Files which have a specific trust rating

  • Applies the rule to files that have the trust rating you set.
     
  • Click the 'Select' button in the 'File Rating' stripe

 

  • You can choose from the following trust ratings:
     
    • Trusted - Applications that are safe to run. A file is trusted if:
       
      • The file is on the global whitelist of safe files
         
      • The file is signed by a vendor with 'Trusted' rating in CCS vendor List
         
      • The file was installed by a trusted installer
         
      • The file was given a trusted rating by an admin ('Settings' > 'Application Control')
         
    • Malicious - Malware files. These files are on the blacklist of known harmful files.
       
    • Unrecognized - Files that do not have a current trust rating. These files are not on the blacklist nor the whitelist, so are given an 'unknown' trust rating.

Set the file age as filter criteria

  • Applies the rule to files based on their created date, or their age.
     
  • Click the 'Select' button in the 'File age' stripe.

There are two ways to specify file age:

  • File Creation Date - Apply the rule to files created before or after a certain date.
     
  • File age - Apply the rule to files less than, or greater than, a certain number of days old.

Click 'OK' once you have selected your filters. All filters you added will be listed in the ‘Criteria’ tab:

Step 3 – Select the options

The next step is to choose additional options and restrictions on items contained by the rule.

  • Click the 'Options' tab.

The options available depend on the action chosen in step 1.

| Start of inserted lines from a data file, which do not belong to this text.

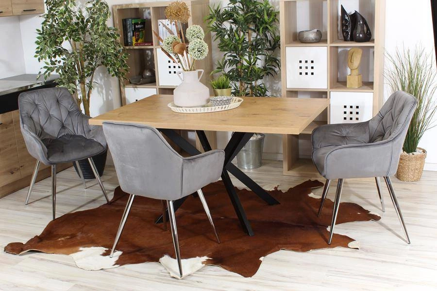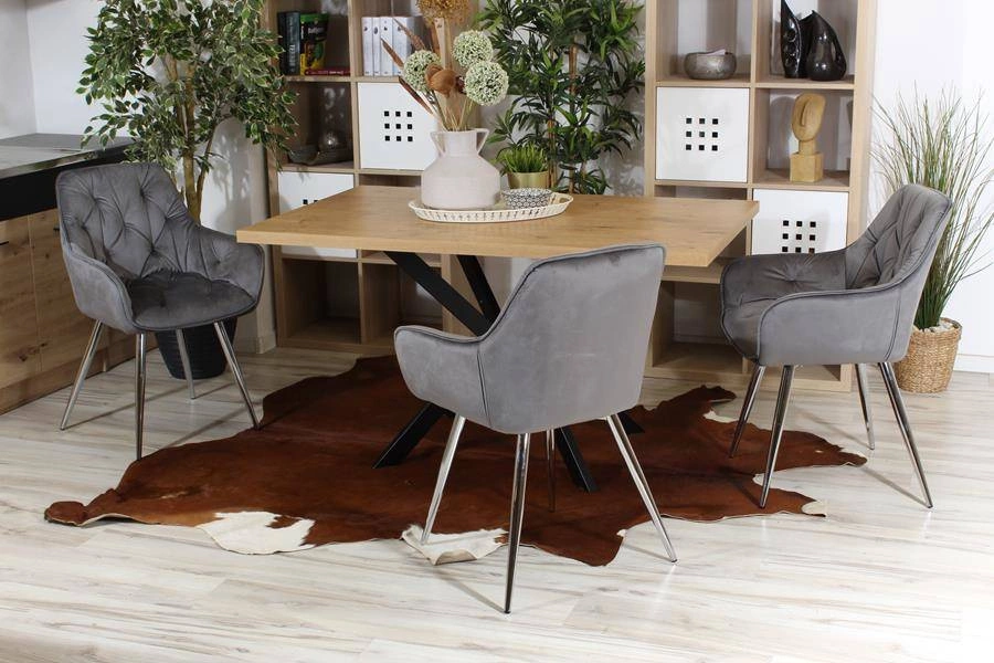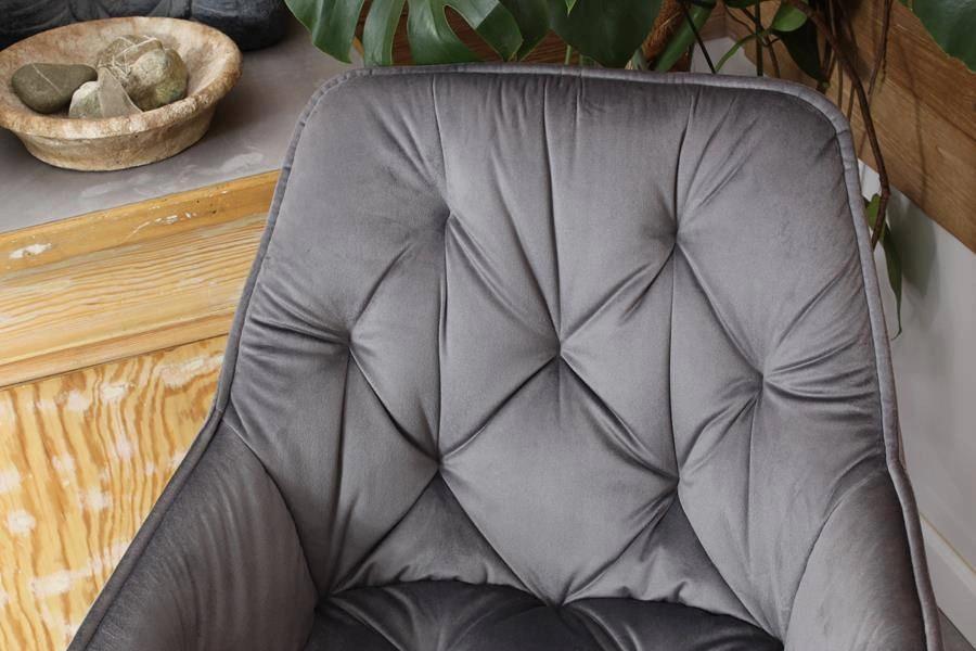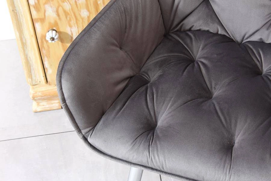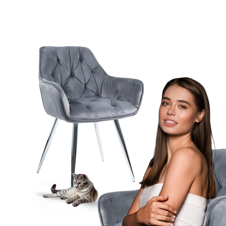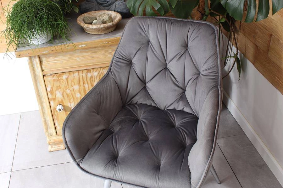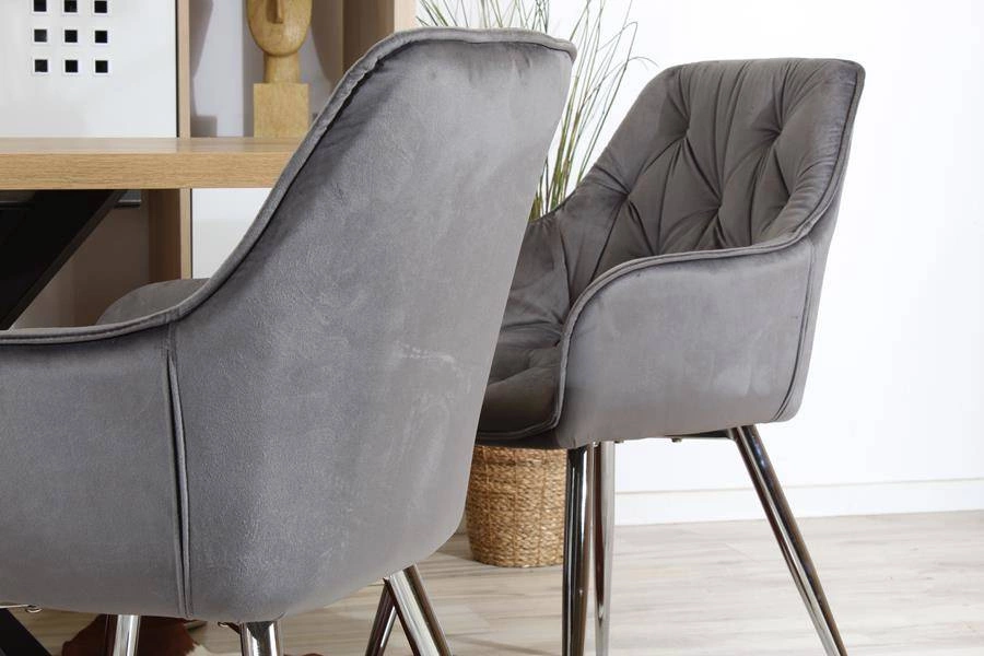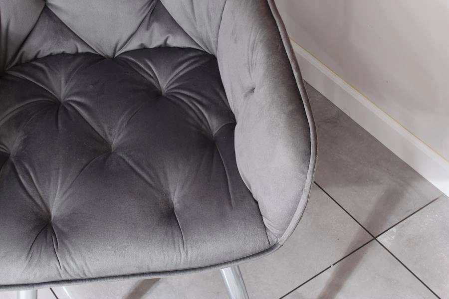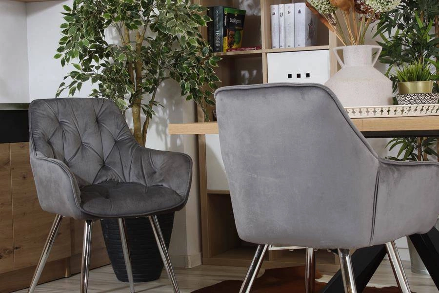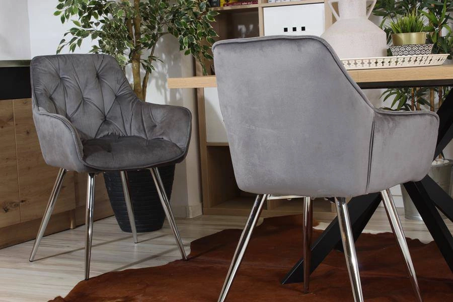 Krzesło fotelowe AURORA w odcieniu szarości to idealne połączenie ponadczasowego stylu z nutą współczesnej elegancji. Obszyte miękkim welurem o satynowym połysku, jest nie tylko przyjemne w dotyku, ale także odporne na przecieranie i plamy, co zapewnia długotrwałą estetykę. Charakterystyczne pikowania nadają tapicerce wyjątkowego szyku, a wygodne, wyprofilowane oparcie z podłokietnikami gwarantuje komfort nawet podczas długiego siedzenia. Całość wspiera stabilna konstrukcja oparta na smukłych nogach z chromowanej stali w srebrnym wykończeniu, co dodaje projektowi lekkości i nowoczesności. Dzięki uniwersalnej kolorystyce i eleganckiej formie krzesło AURORA doskonale odnajdzie się zarówno w jadalni, jak i salonie, gabinecie czy biurze.
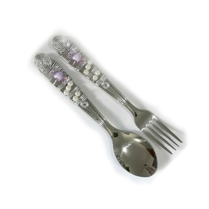 Charmoso Conjunto Garfo e Colher Infantil para estimular a criança quando inicia sua alimentação. Garfo e colher são inox, feito artesanalmente by Laris, seu cabo é bordado com fios de aço com perola resinada e pedra imitando balinha na cor lilás. Excelente opção de presente infantil!
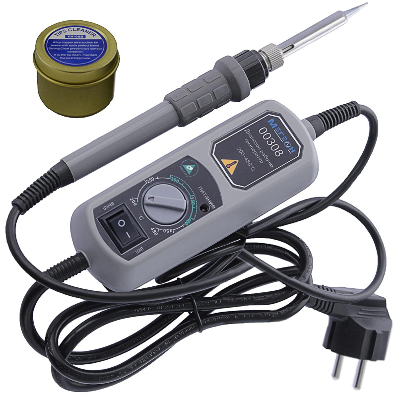 Набор паяльный Мегеон 00308Мегеон 00308 - это набор с самыми необходимым для проведения пайки радиотехнических компонентов и проведения несложного ремонта. Набор укомплектован надежным паяльником с аналоговым регулятором температуры. Одним немаловажным преимуществом является его малый вес, удобная рукоятка и мягкий соединительный провод. Удобный регулятор для установки температуры с высокой точностью выставит необходимую температуру керамического нагревательного элемента мощностью 65 Вт. Паяльник оснащен сменным наконечником типоразмера 900 М-Т. Канифоль поставляется в удобной металлической баночке с крышкой. Также в наборе предусмотрено наличие очистителя жал. Рабочие органы изготовлены из качественных современных материалов. Прибор не требует особых условий эксплуатации и будет по достоинству оценен профессионалами и любителями.Особенности:Индикатор питанияУдобный регулятор для установки температурыПодставка с баночкой для канифоли и очистителя с губкойКомплект поставки:1. Паяльник Мегеон 00308- 1шт.2. Баночка с канифолью и очистителем наконечника- 1шт.3. Наконечник- 1шт.4. Подставка- 1шт.5. Руководство по эксплуатации- 1 экз.6. Гарантийный талон- 1 экз.Внешний вид и/или характеристики товара могут быть изменены производителем в соответствии с производственным процессом.
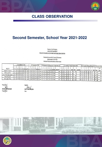 CLASS OBSERVATION Second Semester, School Year 2021-2022
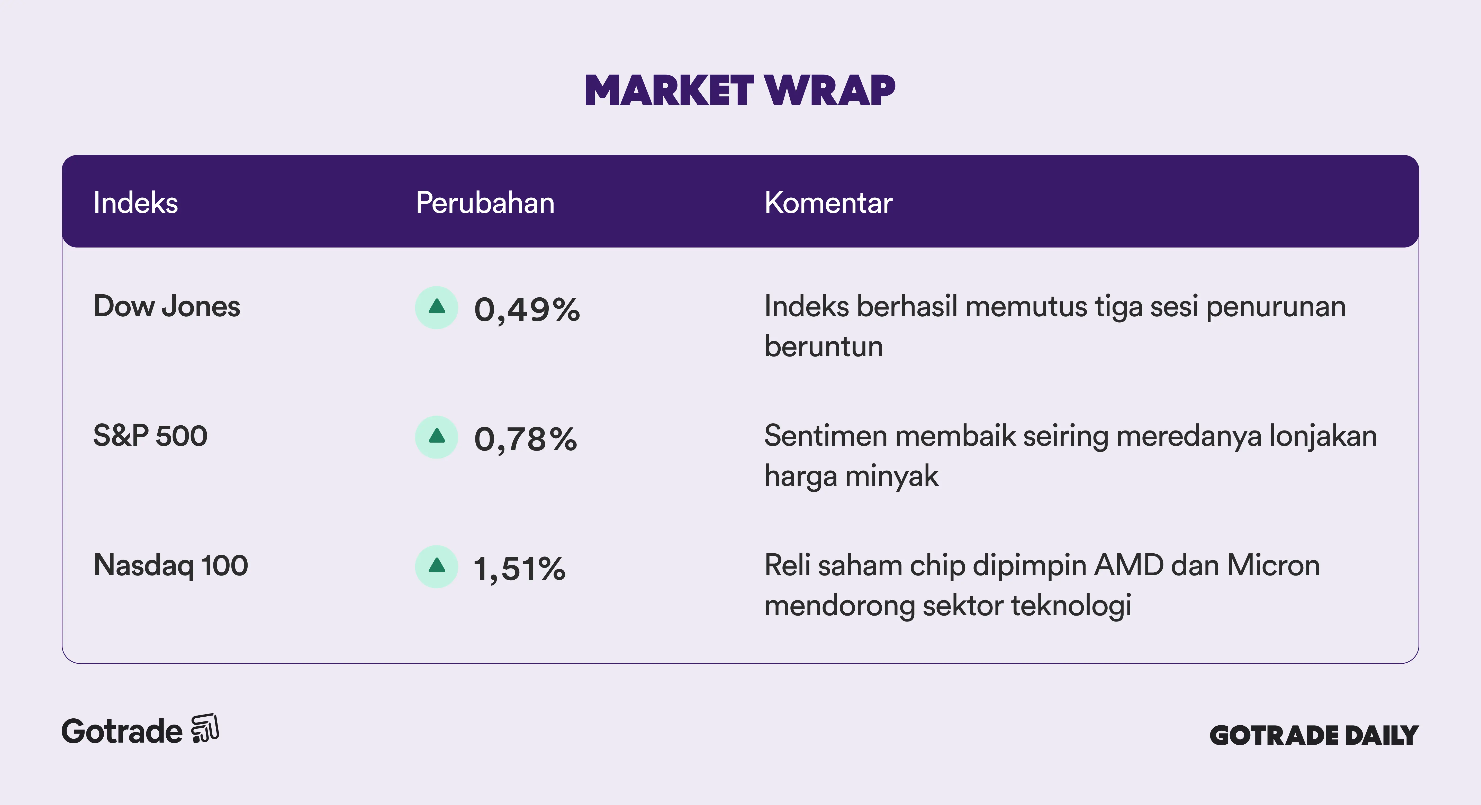 Dengan risiko geopolitik yang masih berkembang dan data ekonomi menunjukkan ketahanan, investor akan terus memantau apakah kepemimpinan sektor teknologi dan stabilnya harga energi dapat mempertahankan momentum pasar dalam beberapa sesi ke depan.
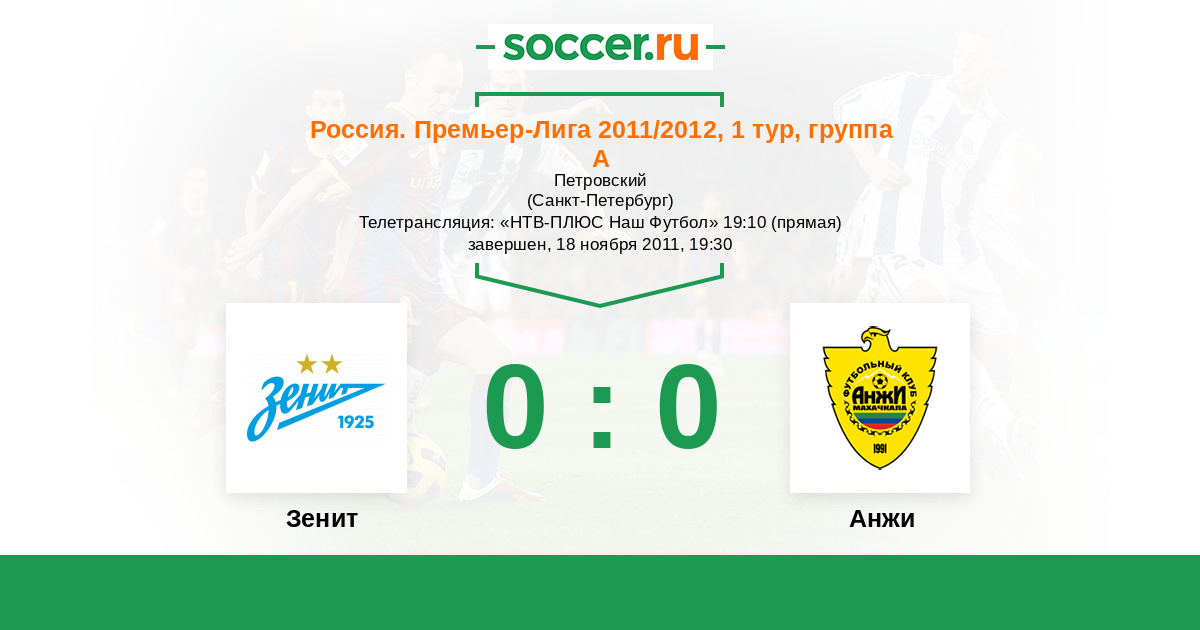 Россия. Премьер-Лига 10.12.2012 Зенит Логотип футбольный клуб Зенит (Санкт-Петербург) 1:1 Логотип футбольный клуб Анжи (Махачкала) Анжи
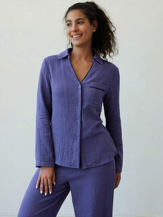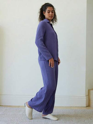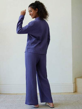 LUVLETTE مجموعة بيجامات للنساء مكونة من طاقم ملابس علوية ملابس علوية مع بنطلون سخير طويل مجعد من القطن المنفذ للهواء، مجموعات ارتداء منزلي
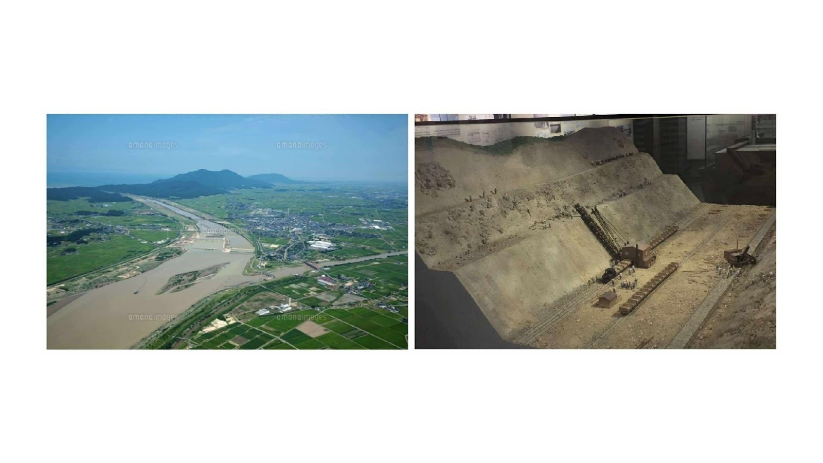 左の川は、のべ1,000万人が参加した大工事で、100年前に掘られた人口水路です。
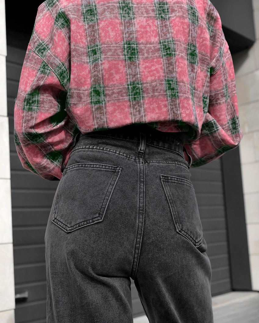 Fashion classic retro 2024 spring and summer washed plaid loose lapel shirt European and American versatile pink shirt wholesale
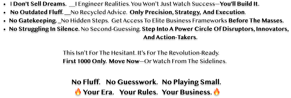 People aren’t “resigning”—they’re revolting. The 9-to-5 model has hit a terminal decline, and millions are building their own seats at the table. But here’s the problem: Most will fail because they don’t have a real system. That’s where I come in. My system isn’t a “business idea”—it’s a fully weaponized blueprint for profit from DAY 1.
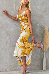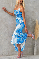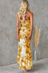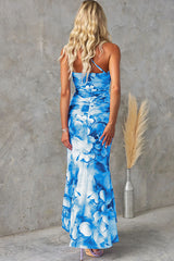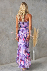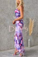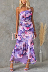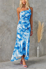 Deja mesh overlay floral print one shoulder ruched stretch maxi dress
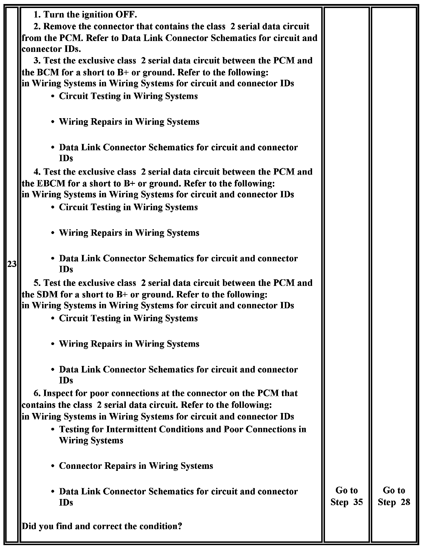 23. This test analyzes the condition of the wiring and connectors in the class 2 serial data circuit of the PCM.
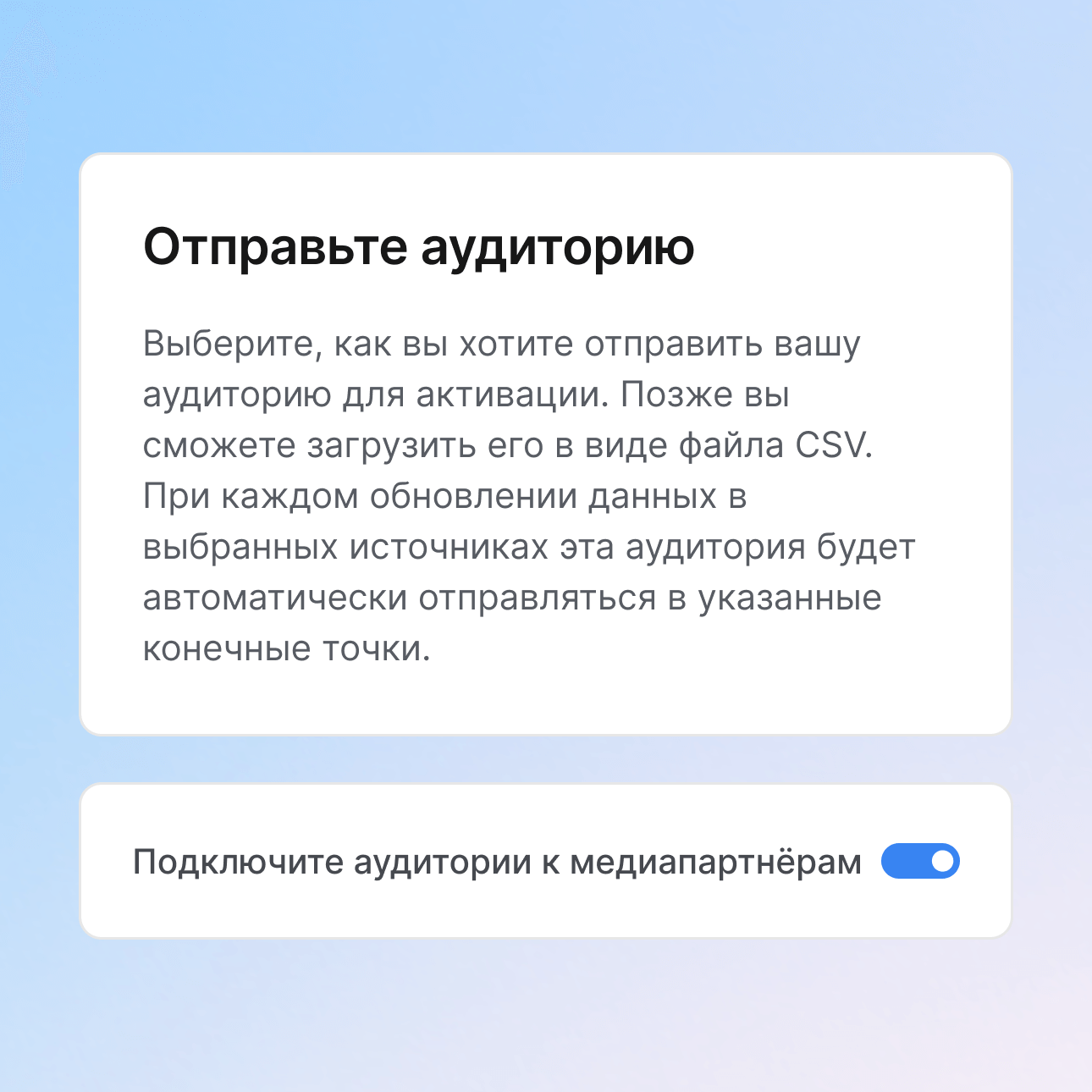 Направляйте аудитории к более чем 100 интегрированным партнёрам мгновенно. От соцсетей до DSP-платформ и персонализации на сайте – активируйте сегменты везде, где вашим брендам нужно взаимодействовать с клиентами.
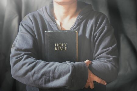 Close up of hand holding holy bible book. Concept of faith, spirituality and religion.
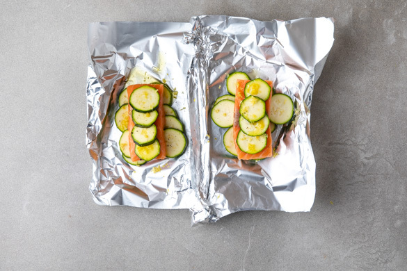 RS Lachs-Päckchen aus dem Ofen mit Zucchini und Kräuterkartoffeln
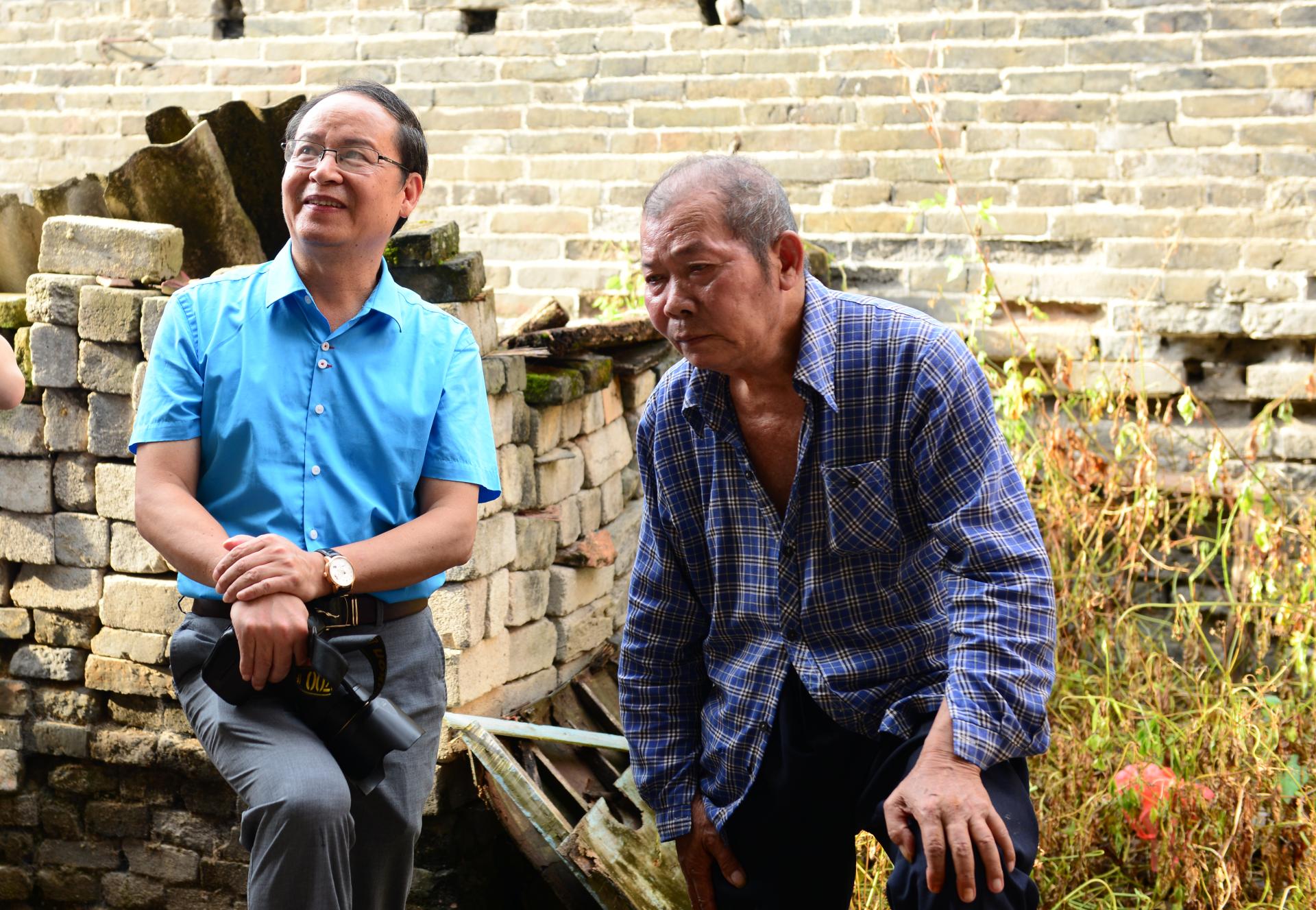 调研组与宣村老村长交谈,了解当地农业发展情况

Here are the options for each action:

  • Ignore:
     
    • Log when this action is performed - A CCS containment log is created whenever this rule is triggered.
       
    • Don't apply the selected action to child processes - Child processes are those started by the target application.
       
      • This option is disabled by default, so the ignore rule also applies to child processes.
         
      • If enabled, the ignore rule does not apply to child processes. Each child process will be inspected individually and all relevant rules applied.
         
  • Run Restricted and Run Virtually:
     
    • Log when this action is performed – See above.
       
    • Set Restriction Level - The available restriction levels are:
       
      • Partially Limited - The application is allowed to access all operating system files and resources like the clipboard. Modification of protected files/registry keys is not allowed. Privileged operations like loading drivers or debugging other applications are also not allowed.
         
      • Limited - The application can only access selected operating system resources. The application is not allowed to execute more than 10 processes at a time and is run without admin privileges.
         
      • Restricted - The application is allowed to access even fewer operating system resources than the ‘Limited’ option. The application is not allowed to execute more than 10 processes at a time. Some applications, like computer games, may not work properly under this setting.
         
      • Untrusted - The application is not allowed to access any operating system resources and cannot execute more than 10 processes at a time. Some applications that require user interaction may not work properly under this setting.
         
    • Limit maximum memory consumption to - Specify how much RAM the application can use.
       
    • Limit program execution time to - The maximum time the program can run. The program is terminated after the specified length of time.
       
  • Block:
     
    • Log when this action is performed - See above.
       
    • Quarantine program - If checked, the blocked file will be automatically moved to quarantine on the device.
       

Click 'OK' to save your rule. Use the ‘On/Off’ switch to activate or deactivate the rule:

  • Repeat the process to add more rules
     
  • You can drag-and-drop the rules to re-prioritize them. Rules at the top of the table have a higher priority than those underneath. The setting in the rule nearer the top will prevail in the event of a conflict between rules.
     
  • You can edit or remove rules using the options at the right.